At www.jpl.nasa.gov/news/news.php?feature=7369 (April 2019) … new observations indicate auroras on Jupiter are heating the planet's atmosphere – and that it is a rapid response to the solar wind buffeting the poles. This has big implications we might have thought as global warming on Earth may be facilitated by the same process – but not so (it is said with a straight face). The fact that earth facing ionosphere penetrating CMEs were quite prevalent in the 1990s and 2000s would in theory have something to do with rising temperatures in those two decades – and yet this is apparently not so. It can happen on Jupiter however, so we are informed by JPL (or the authros of this study using NASA data).

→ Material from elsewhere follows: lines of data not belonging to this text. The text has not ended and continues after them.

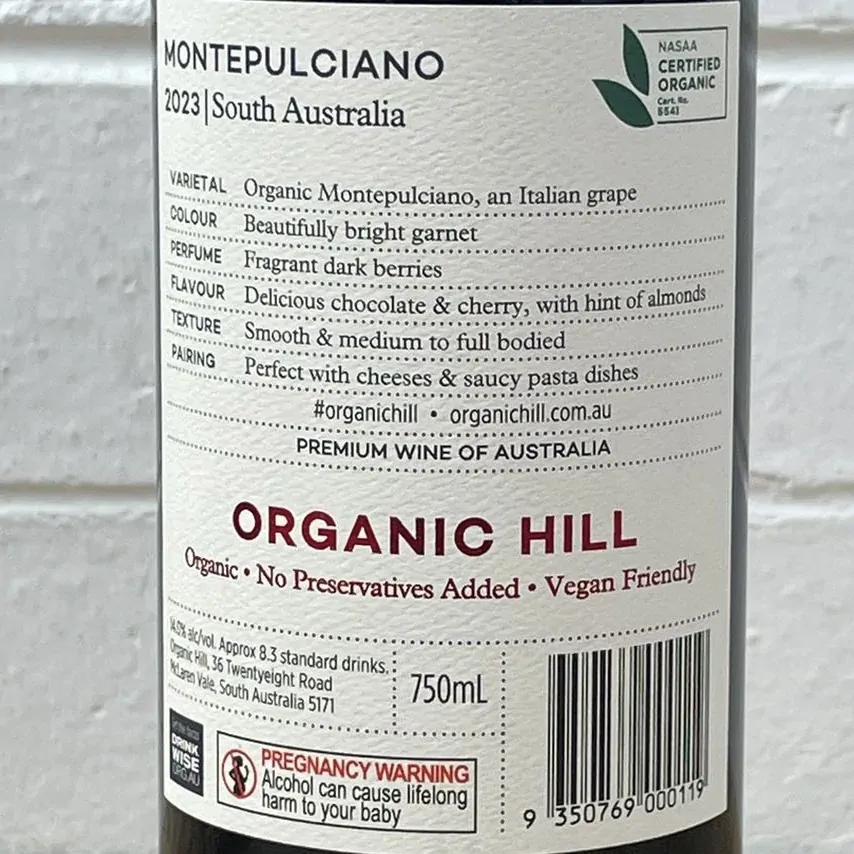 Tasting Notes for Organic Hill Preservative Free Montepulciano from the Winery
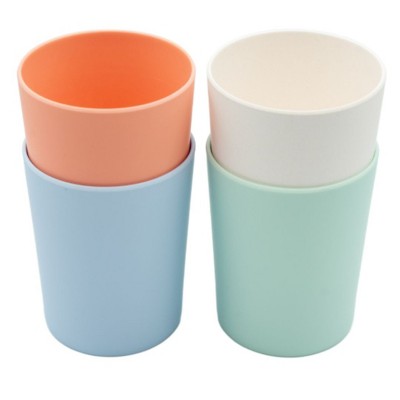 WeeSprout Bamboo Toddler Cups, Organic & Non-Plastic Cup for Big Kids or Baby, 10 oz - Blue, Yellow, Orange & Red, Set of 4
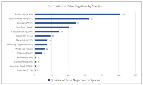 Summary of false negatives by species. ACRU—Acer rubrum, PIST—Pinus strobus, NYSY—Nyssa sylvatica, SNAG—dead tree, QUMO—Quercus montana, BELE—Betula lenta, QUVE—Q. velutina, COFL—Cornus florida, QUAL—Q. alba, CASP—Carya species, QURU—Q. rubra, QUCO—Q. coccinea, FAGR—Fagus grandifolia, LITU—Liriodendron tulipifera.
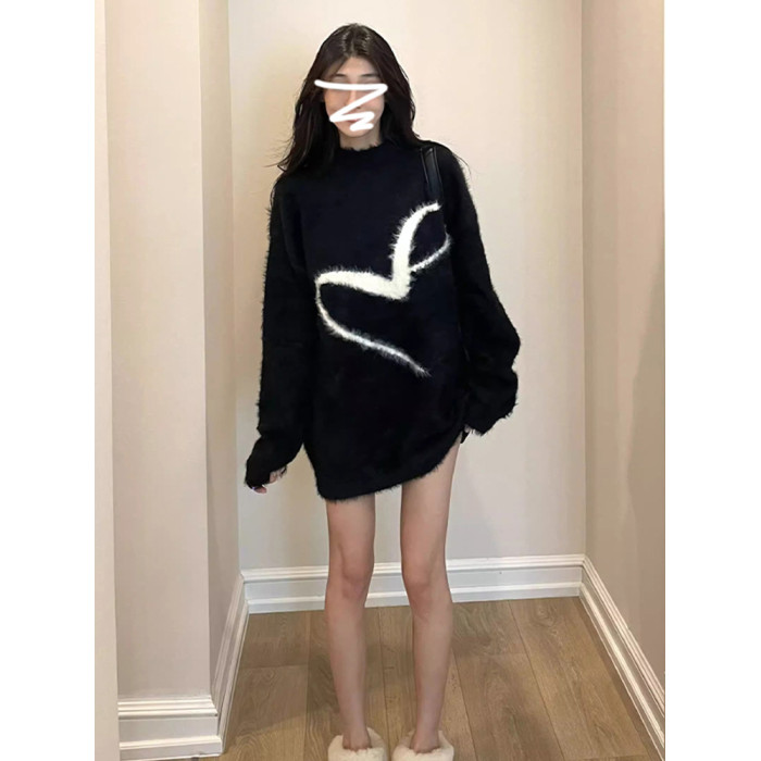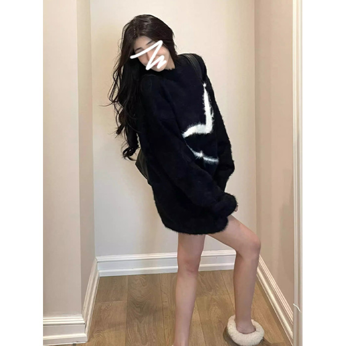 黑色仿馬海毛毛衣女秋冬內搭2025新款慵懶高級感寬松加厚針織上衣

It can't have anything to do with the fact it contradicts the AGW meme can it – and the authors don't want to put their heads above the parapet until it is safe to do so. The solar wind is a stream of plasma and Bob Johnson in one of his talks at an SIS meeting has explained how some solar wind streams (CMEs) can penetrate the magnetosphere and actually reach the surface of the Earth. This does not of course happen all the time as most CMEs are not powerful enough – or do not directly face the direction of the Earth when they erupt. Such penetrations overload the earth system with a lot of heat – which is eventually dissipated at the poles (and is precisely what is being described as happening on Jupiter). The heat penetrates much further downwards than scientists had previously imagined as possible.
Over at https://astronomynow.com/2019/04/01/astronomers-spot-asteroid-in-a-debri… … astronomers spot an asteroid in a debris spewing suicidal spin – captured by the Hubble telescope. Two distinct comet like tails of debris (dust, gravels and pebbles) are flung out into space as a result of solar heating (or more exactly, due to interaction with a dollop of solar wind). Is this what happens with comets as well?
At https://astronomynow.com/2019/03/11/originally-left-out-of-famous-catalo… … which refers to an underestimated galaxy that has just produced a wonderful display …
… the image is a combination of data from the Hubble telescope and input from two amateur astronomers. That is even more remarkable.